К тому же Димон, вопреки своей всеобъемлющей аполитичности, оказался ярым ненавистником режима, правящей партии, и президента лично.

«Хорошо в нашей стране жить, – рассуждал он. – Крым отжали, Донбасс вооружили, сейчас Сирию отутюжим, и вообще прекрасно станет. А то, что мне двадцать пять лет, и я чёрную икру не ел ни разу, президента, интересно, не волнует? Да её, собственно, и в магазинах-то нету. Я не бедный, конечно, и где достать её знаю, но за такую цену не куплю никогда. Ну не может еда столько стоить!»

«А нефть? – продолжал Дима. – Нефть! Мы мировые лидеры по запасам и их добыче. Мы всю Европу нагнуть можем! Так почему бы, спрашивается, для них цены не поднять, а нам не понизить? Не понимаю… А между тем знаешь, сколько литров моя зверюга жрёт?»

…Я вот хоть формулировки всех экономических обоснований знал наизусть, тоже этого не понимал. Очевидно, что все арабские заварушки и российское вмешательство в них – из-за нефти. Но при чём здесь нефть российская для внутреннего потребления? Почему правительство позволяет негодяям наживаться на своих гражданах? Куда карающие органы смотрят?..

«И что вообще за культ личности развели такой, понимаешь, – не унимался Жигалов. – Включаешь телевизор, а там: Путин сказал, Путин подписал, Путин встретился… тьфу, блядь! А знаешь, что делать? А я знаю! Правящую партию валить надо. А то развели капитализм, прикрылись демократией, и радуются. Революция нужна. Да только где уж тут, с нашим бздюловатым народом-то…».

Бздюловатый – характеристика весьма тонкая и точная, при том, что всеобъемлющая. Он вообще мастер изысканных ругательств, таких как: «едрить тебя в дышло», «пеньки обоссанные», «а сучком по устам?», «да бабку сутулую по темени», «конопатая муда», «ять косорылая» и прочих…

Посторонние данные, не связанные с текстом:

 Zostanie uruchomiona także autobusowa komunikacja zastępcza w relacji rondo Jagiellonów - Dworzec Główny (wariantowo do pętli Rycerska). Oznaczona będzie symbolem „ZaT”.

Помню, однажды мы подрались. В смысле не я и Димка, а оба мы с какими-то алкоголиками у ресторана «Сорбет». Ну как подрались – нас побили. Его рассечение губы и опухшая бровь отыгрались финансово – такая «мужественность» пришлась по вкусу очередной бизнесвумен. Мой же сломанный нос никак не возвысил меня в глазах главного редактора, хоть она тоже была немолода.

А дело было так.

В поисках женщин для души, отправились мы в «Сорбет». Димка сказал:

– Вечером надо приходить попозже, чтобы непринуждённо просидеть до закрытия. Там официанточка есть, Ниночка, – при этом его холёные руки обрисовали в воздухе силуэт гитары, – так я давно к ней присматриваюсь. Эрзац вариант, так сказать. Вот сегодня мы её на двоих и распишем…

В кабак мы не попали – несмотря на цены, там случился аншлаг.

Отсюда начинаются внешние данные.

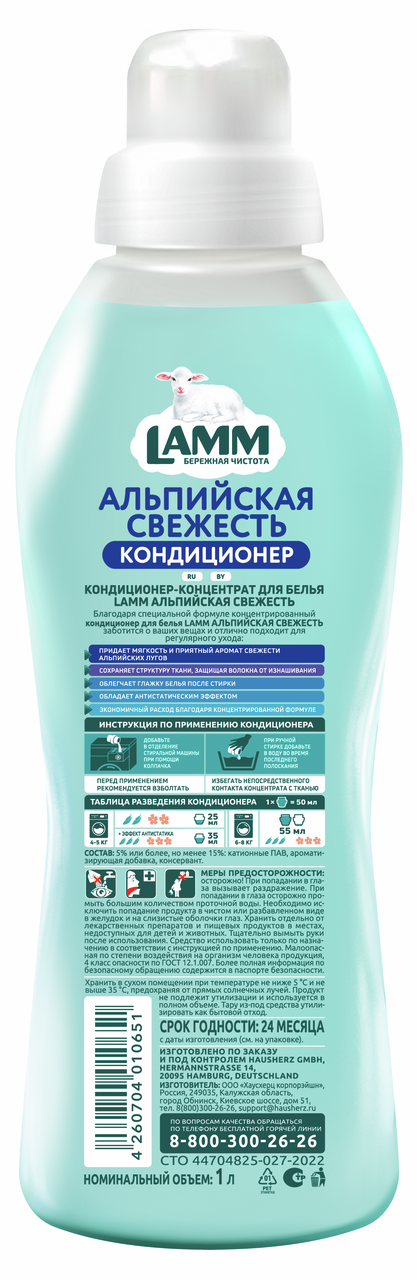 Кондиционер для белья Lamm Альпийская свежесть, 1л

– М-да… – протянул он. – Скопились индюки, мать их кочергой в раскоряку. Значит, работаем по плану «Б». В «На дне» официанточка есть, Миланочка…

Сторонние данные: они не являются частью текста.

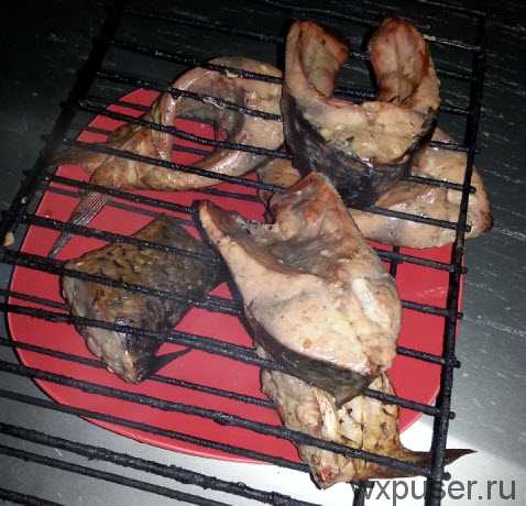 Периодически следует заглядывать под крышку и наблюдать за состоянием рыбы и мяса.

До кафе «На дне» идти два квартала, а кварталы у нас небольшие. Бодрым шагом, дворами, мы направились к цели, но успели лишь свернуть за угол. Голос из темноты спросил:

– Э! Курить есть?

Из сумрака осеннего вечера выдвинулись три фигуры. Я молча достал «Данхилл».

– О! – сказал тот же голос.

И тут же здоровенная ручища ловко выхватила у меня всю пачку. Рисковать зубами за десяток сигарет не хотелось – стоматолог нынче дорог.

– Но! – вдруг крикнул Димка, и бросился наперехват.

Моментально среагировав, та же ручища пронеслась к его лицу. И сразу вторая. Как крылья взметнулись рукава его дорого пальто. Он упал. Я тоже успел среагировать и резко ударил негодяя ногой в живот. Вероятно, удар получился слабым, или негодяй слишком сильным, вернее, стойким. При этом я поскользнулся и упал. Последнее что я запомнил – стремительно летящий в голову неопознанный предмет. Наверное, это был ботинок. Потом, на какое-то время, мир перестал существовать.